Zouga was striding eagerly down the row of wagons towards the inner stockade with Louise skipping to keep up with him. Ralph dawdled deliberately, admiring the remarkable animals that Jonathan had moulded from river clay and now paraded for his approbation.

"Beautiful hippos, Jon-Jon! Not hippo? Oh, I see, the horns fell off, did they? Well then, they are the most beautiful, fattest hornless kudu that I have ever seen." Cathy tugged at his arm at last.

"You know he wants to speak to you also, Ralph," she urged, and Ralph swung Jonathan up onto his shoulder, took Cathy on his other arm, for he knew that such a display of domesticity would irritate the man they were going to meet, and sauntered into the inner stockade of the camp.

The canvas sides of the dining marquee had been rolled up to allow the cool afternoon breeze to blow through it, and there were half a dozen men seated at the long trestle table In the centre of the group was a hulking figure, dressed in an ill-fitting jacket of expensive English cloth that was closed to the top button. The knot of his necktie had slipped and the colours of Oriel College were dulled with the dust of the long road up from the diamond city of Kimberley.

Even Ralph, whose feelings for this ungainly giant of a man were ambivalent, hostility mixed with a grudging admiration, was shocked by the changes that a few short years had wrought on him. The meaty features seemed to have sagged from the raw bones of his face, his colour was high and unhealthy. He was barely forty years of age, yet his moustache and sideburns had faded from ruddy blond to dull silver, and he looked fifteen years older. Only the pale blue eyes retained their force and mystic visionary glitter.

"Well, how are you, Ralph?" His voice was high and clear, incongruous in such a big body.

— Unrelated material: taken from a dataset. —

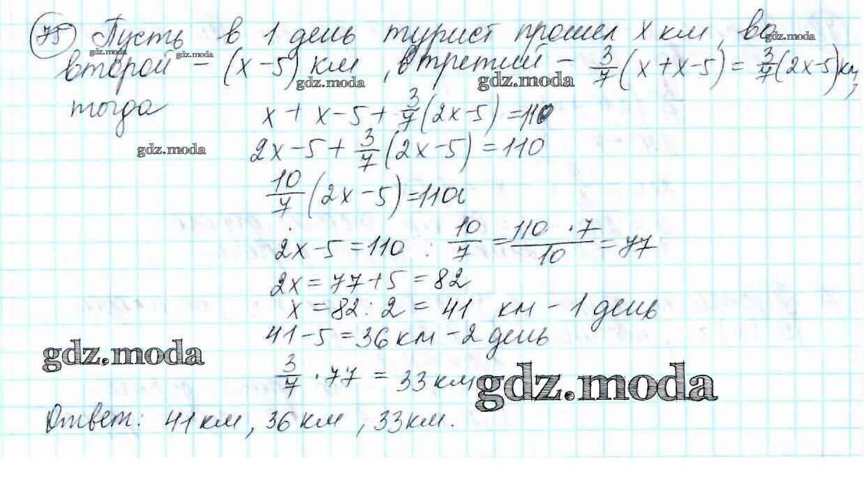 ОТВЕТ на задание № 75 Учебник по Математике 6 класс Мерзляк Алгоритм успеха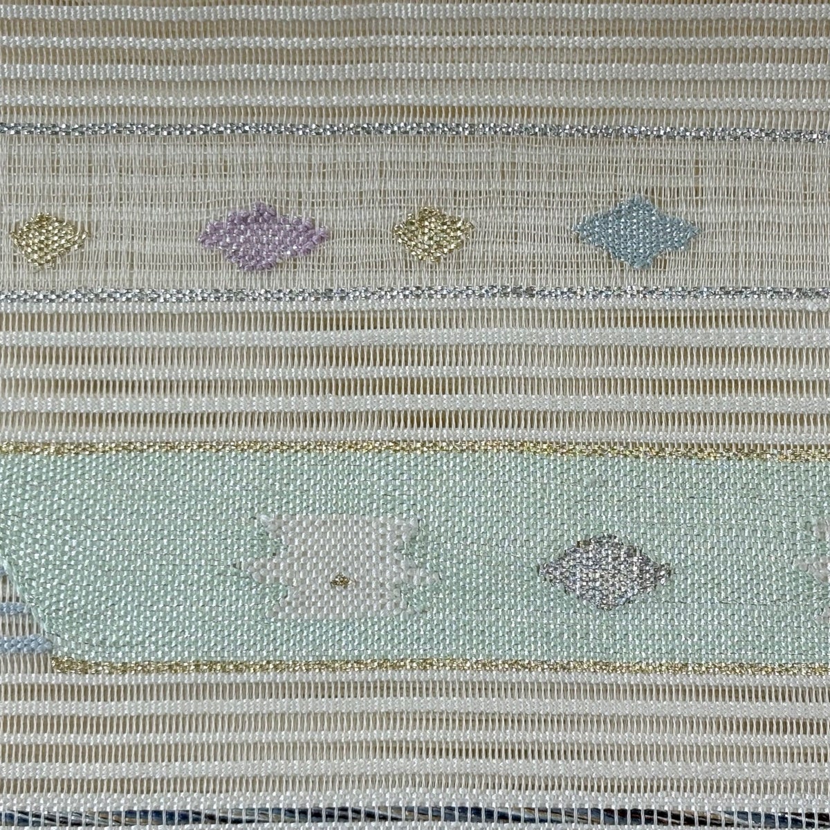 【美品】 名古屋帯 秀品 夏帯 八寸名古屋帯 絽 横段 幾何学模様 金銀糸 灰白 正絹

"Good afternoon, Mr. Rhodes," Ralph replied, and despite himself let his son slip from his shoulder and lowered him gently to the ground. Instantly the child darted away.

"How is my railway progressing, while you are out here enjoying yourself?" "Ahead of schedule and below budget," Ralph countered the barely veiled rebuke, and with a small effort broke the hypnotic gaze of those blue eyes and glanced at the men who flanked Mr. Rhodes.

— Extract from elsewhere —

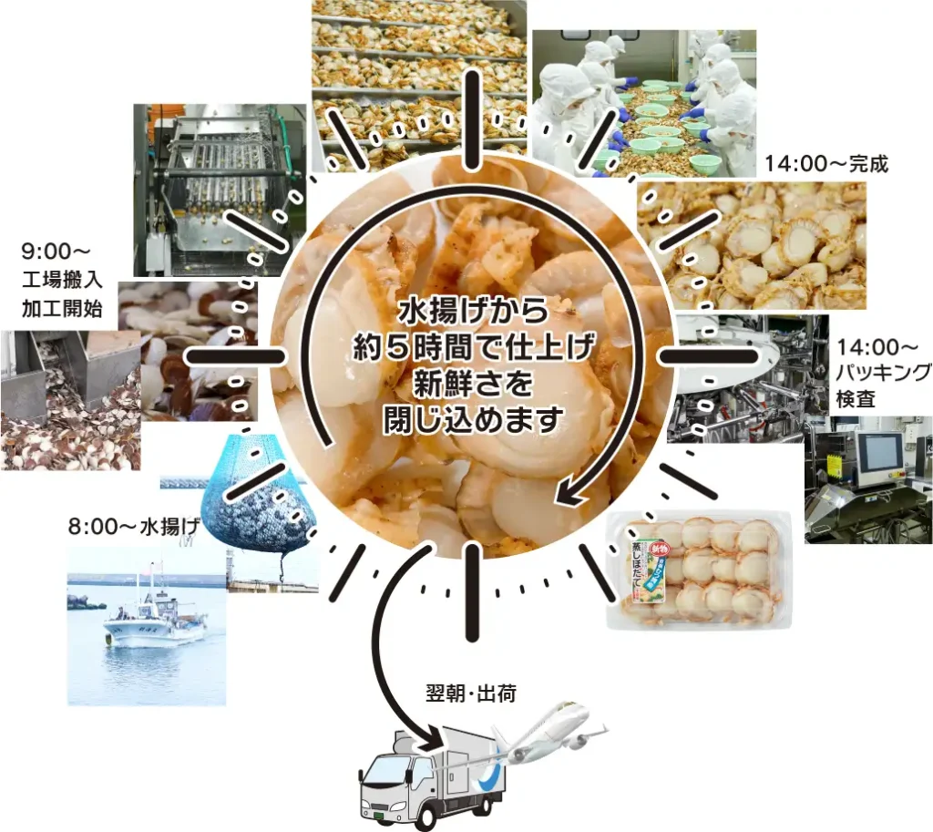 「蒸しホタテ」ができるまで

On his right was the great man's shadow, small, narrow shouldered and as neatly dressed as his master was untidy. He had the prim but nondescript features of a schoolmaster, and receding wispy hair, but keen and acquisitive eyes that gave the lie to the rest of it.

"Jameson," Ralph nodded coolly at him, using neither Doctor Leander Starr Jameson's title nor the more familiar and affectionate "Doctor Jim'.

"Young Ballantyne." Jameson slightly emphasized the diminutive and gave it a faintly derogatory twist. From the very first, their hostility had been mutual and instinctive.

From Rhodes" left rose a younger man with straight back and broad shoulders, an open handsome face and a friendly smile which showed big even white teeth.

"Hello, Ralph." His handshake was firm and dry, his Kentucky accent easy and pleasant.

"Harry, I was speaking of you this very morning." Ralph's pleasure was obvious, and he glanced at Zouga "Papa, this is Harry Mellow, the best mining engineer in Africa." Zouga nodded. "We have been introduced." And father and son exchanged a glance of understanding.

This young American was the one that Ralph had chosen to develop and operate the Harkness Mine. It meant little to Ralph that Harry Mellow, like most of the bright young bachelors of special promise in southern Africa, already worked for Cecil John Rhodes. Ralph intended to find the bait that would tempt him away.

"We must talk later, Harry,"he murmured, and turned to another young man seated at the end of the table.

"Jordan," he exclaimed. "By God, it's good to see you." The two brothers met and embraced, and Ralph made no effort to hide his affection, but then everybody loved Jordan.